The XML for each row in Col_X
may contain multiple MyElement
's, and I want that ID
in case ANY of those elements match ANY of the values in filterColumn
.
The problem is that those columns are actually of varchar(max)
datatype, and the table itself is huge (like 50GB huge). So this query needs to be as optimized as possible.
Here's an example for where I am now, which merely returns the row where the first matching element equals one of the ones I'm looking for. Due to a plethora of different error messages I can't seem to be able to change this to compare to all of the same named elements as I want to.
SELECT ID,
CAST(Col_X AS XML).value('(//*[local-name()=''MyElement''])', N'varchar(25)')
FROM XMLtable
...and then compare the results to filterTable
. This already takes 5+ minutes.
What I'm trying to achieve is something like:
SELECT ID
FROM XMLtable
WHERE CAST(Col_X AS XML).query('(//*[local-name()=''MyElement''])')
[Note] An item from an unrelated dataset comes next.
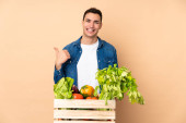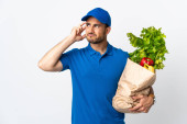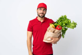 Dostawca z warzywami na białym tle ze smutnym wyrazem twarzy

IN (SELECT filterColumn FROM filterTable)
The only way I can currently achieve this is to use the LIKE operator, which takes like a thousand times longer.
Now, obviously it's not an option to start changing the datatypes of the columns or anything else. This is what I have to work with. :)
Try this:
SELECT
ID,
MyElementValue
FROM
(
SELECT ID, myE.value('(./text())[1]', N'VARCHAR(25)') AS 'MyElementValue'
FROM XMLTable
CROSS APPLY (SELECT CAST(Col_X AS XML)) as X(Col_X)
CROSS APPLY X.Col_X.nodes('(//*[local-name()="MyElement"])') as T2(myE)
) T1
WHERE MyElementValue IN (SELECT filterColumn FROM filterTable)
and this:
SELECT
ID,
MyElementValue
FROM
(
SELECT ID, myE.value('(./text())[1]', N'VARCHAR(25)') AS 'MyElementValue'
FROM XMLTable
CROSS APPLY (SELECT CAST(Col_X AS XML)) as X(Col_X)
CROSS APPLY X.Col_X.nodes('//MyElement') as T2(myE)
) T1
WHERE MyElementValue IN (SELECT filterColumn FROM filterTable)
Update
I think that you are experiencing what is described here Compute Scalars, Expressions and Execution Plan Performance. The cast to XML is deferred to each call to the value
function. The test you should make is to change the datatype of Col_X
to XML
.
If that is not an option you could query the rows you need from XMLTable into a temporary table that has an XML column and then do the query above against the temporary table without the need to cast to XML.
CREATE TABLE #XMLTable
(
ID int,
Col_X xml
)
INSERT INTO #XMLTable(ID, Col_X)
SELECT ID, Col_X
FROM XMLTable
SELECT
ID,
MyElementValue
FROM
(
SELECT ID, myE.value('(./text())[1]', N'varchar(25)') AS 'MyElementValue'
FROM #XMLTable
CROSS APPLY Col_X.nodes('//MyElement') as T2(myE)
) T1
WHERE MyElementValue IN (SELECT filterColumn FROM filterTable)
DROP TABLE #XMLTable